Convencido de que el aciago destino de su hijo no tardaría en cumplirse, le mintió con el fin de darle ánimos a cerca de las propiedades de aquella agua y, orando lo mejor que supo, mojó los labios exangües del joven en el agua del manantial y después le dio a beber el contenido de su copa. Cada día repitió la misma operación comprobando que la muerte se alejaba poco a poco de su hijo. Una mañana, el joven pidió de comer y tuvo fuerzas para sentarse a la entrada de la cabaña, donde habló de algunas de sus aventuras. El padre no cabía en sí de satisfacción, orgulloso como hombre en declive de la creciente pujanza del vástago. Este llegó incluso a decir que había pensado poner en cultivo la parte de la finca que estaba en barbecho y más adelante abrir un puesto en el mercado donde vender sus coles, berenjenas y almendras. El padre agradeció estas palabras pero las tuvo en nada porque luego de muchas promesas incumplidas y desatenciones, el hijo le robo cuantas monedas atesoraba, marchándose a gastarlas y dejándole solo.

En cierta ocasión, el hijo se refirió a los chiquillos que merodeaban por los alrededores del huerto. El anciano dijo que había de estar atento y contó algunas de las travesuras de aquellos pilletes. Ambos rieron de buena gana, y , al cabo, fue el mismo hijo el que los alejó pues en verdad eran rapaces.

Un día, el anciano atendió a una hermosa joven, vecina de ellos, la cual había salido a la desesperada debido a la hambruna que padecía su familia. Puso Taleb sobre el pollino dos sacos de trigo y el hijo se ofreció a acompañarla y arreando al rucio, se alejó con ella. El anciano, en tanto que cardaba las hierbas que con los descuidos habían brotado por doquie, por un lado se sentía en paz al dar al necesitado lo necesario y aunque su interior era áspero, rebosaba satisfacción. Por otro lado, le fastidiaba que el tarambana de su hijo fuera a embaucar a una joven tan excelente. Ella era pobre sí, pero trabajadora como la que más. Él mismo la había visto de pequeña, cuando apenas se sostenía a aún sobre las piernas, aferrar el almocafre dispuesta ya a la labor en aquellas duras tierras.

El hijo podía decir todas las buenas palabras que le vinieran a la boca, pero al llegar la hora de la verdad daría el quiebro como liebre escurridiza ya que siempre había sido así.

Al regresar su hijo Taleb , hallábase enfurruñado con él y acuclillado sobre la tierra no dejaba que le viese la cara.

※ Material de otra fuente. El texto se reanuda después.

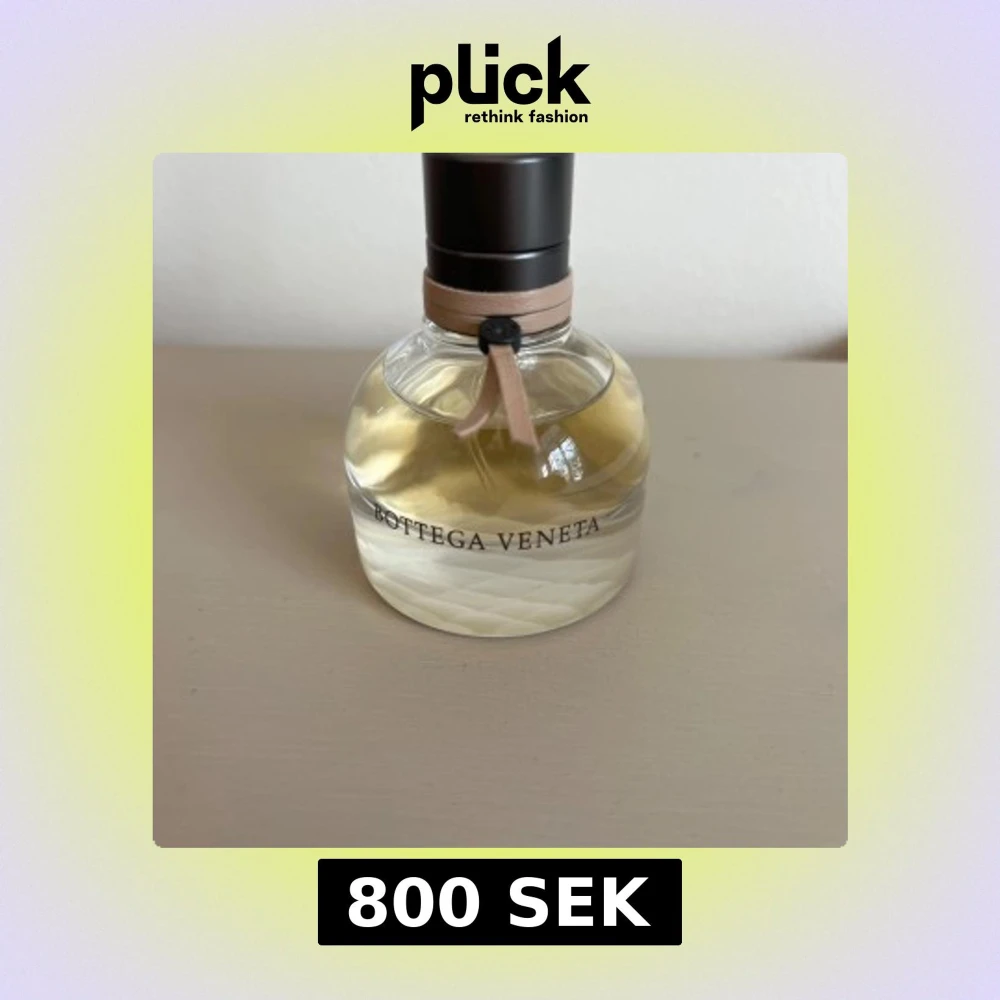 Använd Elegant parfym från Bottega Veneta i en rund glasflaska med ljusbeige band och svart kork. Flaskan har ett diskret rutmönster i glaset och parfymen är ljusgul. Perfekt för dig som gillar lyxiga och sofistikerade dofter.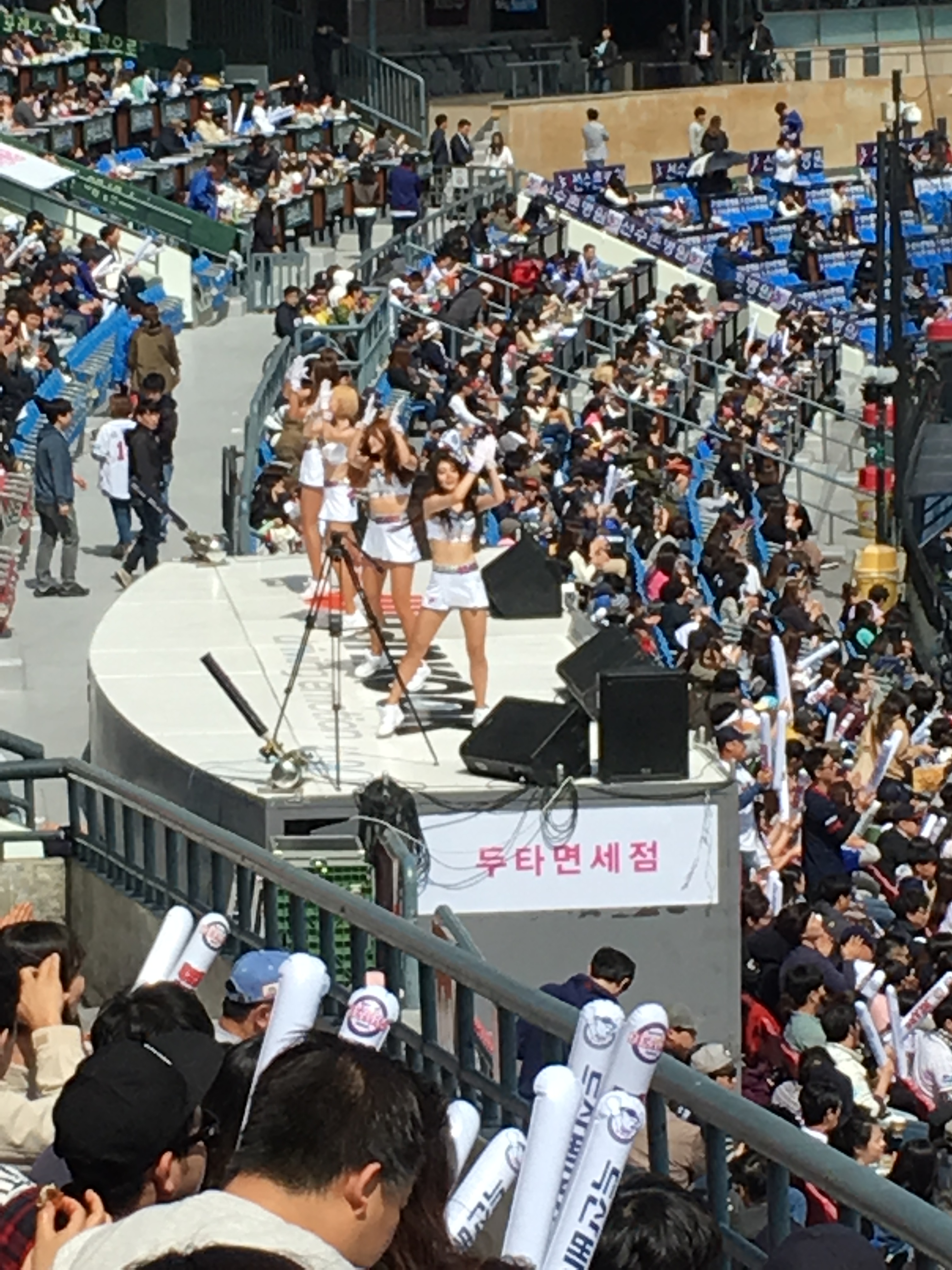 He is helped by the four young women cheerleaders who dance along and help lead the crowd in all the hand motions. Although I think they are just for show, the fans didn’t need much encouragement to cheer and sing along. When their team is at bat, the fans cheer THE ENTIRE TIME. Each player has his own “song” and when the players are at bat, the crowd sings and waves their “thunder sticks” in time to the music. It was interesting to hear the music to the Beach Boys’ “Surfing USA”, but sung in Korean (and not the actual words to the song, but words that include the player’s name.) The cheering/singing only stops when the other team it “at bat” and then the opposing team’s cheerleaders take over with their own set of songs and chants and the other side of the stadium starts rocking with noise.

El hijo podía haber echado la perorata pero se limitó a quitarle la azada de las manos y tomó su lugar de trabajo. Durante el almuerzo, el joven comentó que los frutos de aquel huerto eran tan dulces como el agua del manantial, la cual le dio fuerza desde que la probó y de la que ahora bebía cuanto se le antojaba.

Muy extrañado por las palabras del vástago, se acercó Taleb al venero y bebió de él, resultando que no había probado agua mejor que aquella pues el sabor del almíbar se quedaba corto para describirla. Abrumado y emocionado por el prodigio, abrazó a su hijo y entre lágrimas le contó lo sucedido, agradeciendo ambos las bendiciones de que habían sido objeto.

El hijo tomó a la joven como esposa y pronto los vástagos corretearon por el huerto ante la satisfecha mirada de Taleb. Muchos fueron los esfuerzos que tuvo que hacer y los malos ratos que pasó a causa del hijo, pero estos habían dado fruto por fin y es que no se puede subir a la montaña por caminos llanos.